Perhaps even more impressive was longshot Went the Day Well’s explosive kick in the final furlong. He had to weave his way through the tiring field, and make an explosive final charge for fourth.
But what effect will this have on the Derby? If Bodemeister is still in good running shape (as trainer Bob Baffert claims), and he can repeat his Derby run—and I mean the exact same fractions–the Preakness sets up perfectly for him. If he bounces (and the sheets players say he already did bounce in the Derby), it opens the door for I’ll Have Another to snag yet another leg of the Triple Crown.
Another contender to consider is Creative Cause. He’s been a presence within this three-year-old crop over the past year. Still, horseplayers’ memories can be short, and one flat performance can leave you forgotten. He started off a little farther behind than usual in the Derby, but made a nice assertive middle move which forced him to race wide. It wasn’t an impossible task, but he didn’t embarrass himself, and leads us to think he could run much better in a smaller crowd. Still, he seems more likely to fill out the exacta or tri than to win.
Another to fill out the exotics is new shooter Tiger Walk. He looked ready to break through earlier this year (his races in the Withers and the Wood were both better than looked), but he won’t get any advantage on Pimlico’s speed favoring track. Still, there’s more there than meets the eye, and he could certainly get a piece at 30-1.

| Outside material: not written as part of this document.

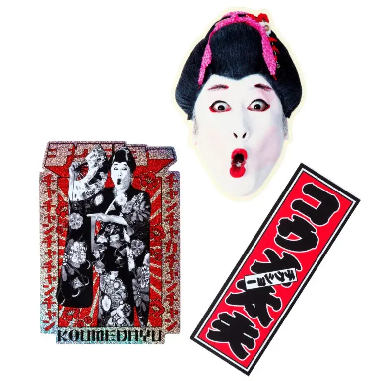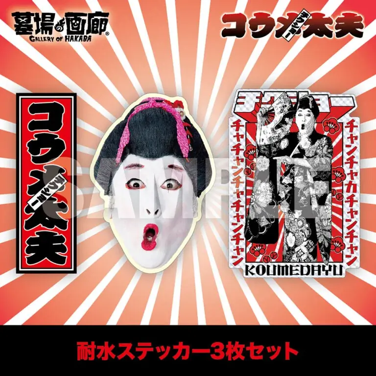 説明: 耐水性に優れたステッカーの3枚セット。ラインナップは「千社札」「顔面」「コウメ太夫」。説明文では「雨に濡れても滑らない」と表現され、アウトドアや日常使用での耐久性を意識した仕様です。
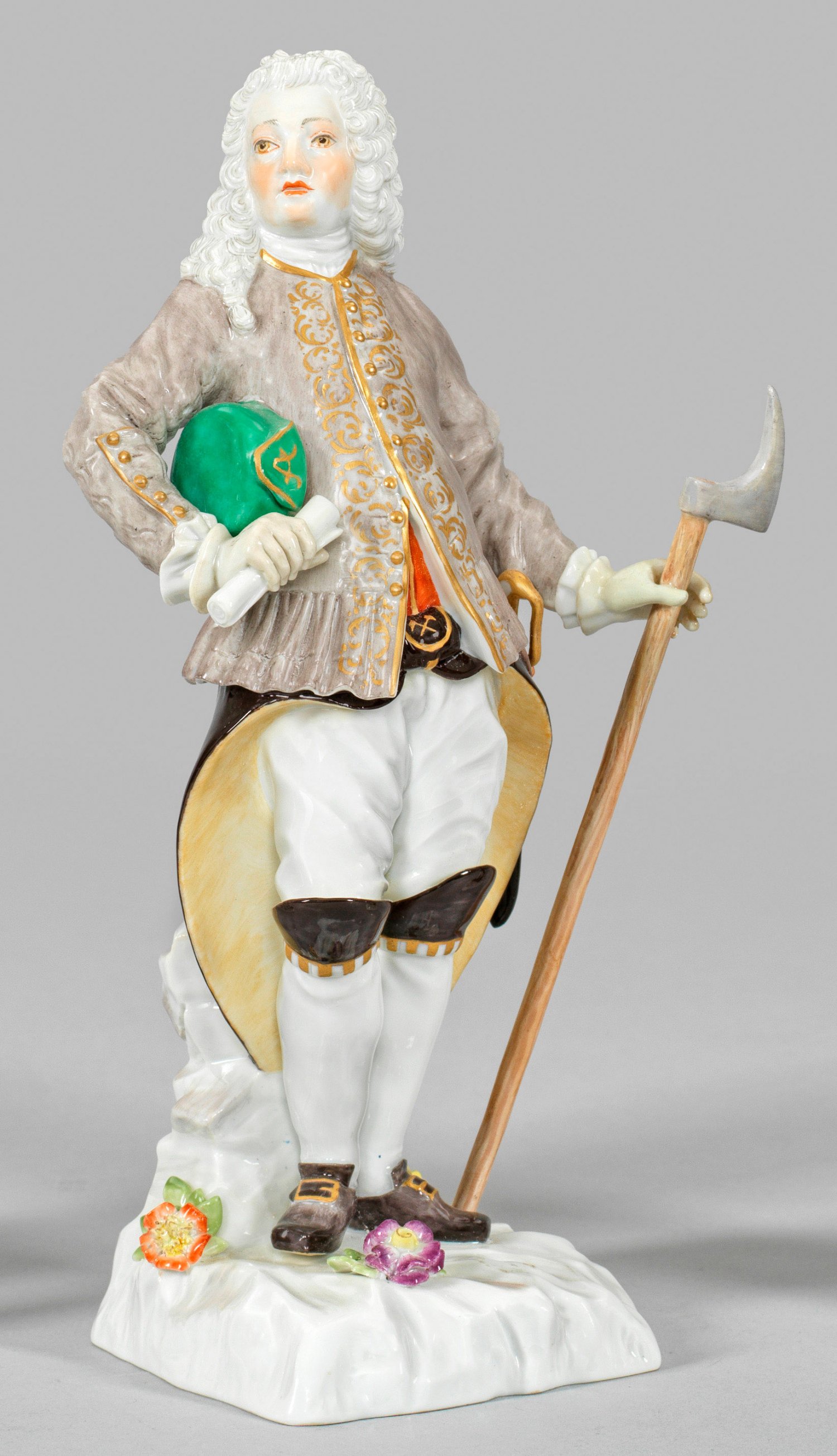Auf einem mit Blumen belegten Felssockel stehender Bergmann mit Allongeperücke in berufstypischer Kleidung mit goldornamentierter Jacke, in der rechten Hand eine Schriftrolle, in der Linken den Häckel haltend. Polychrome Malerei mit Gold. Entw. Johann Joachim Kaendler und Peter Reinicke. Modell-Nr. 69514. Minim. rest.; Schwertermarke. H. 21,5 cm.

PRICE PLAY OF THE DAY – Pimlico, R-9, #11 Adirondack King
There may be more earnings potential earlier in the Pimlico card. I was closely following Adirondack King earlier this year, thinking this son of Lawyer Ron could pop up as a late Triple Crown contender. He’s been running in some pretty tough stakes company of late on dirt. He now moves to the turf at Pimlico, a surface switch that may easily reward his late-running style. When a horse tries something he’s unproven at, you usually get a price.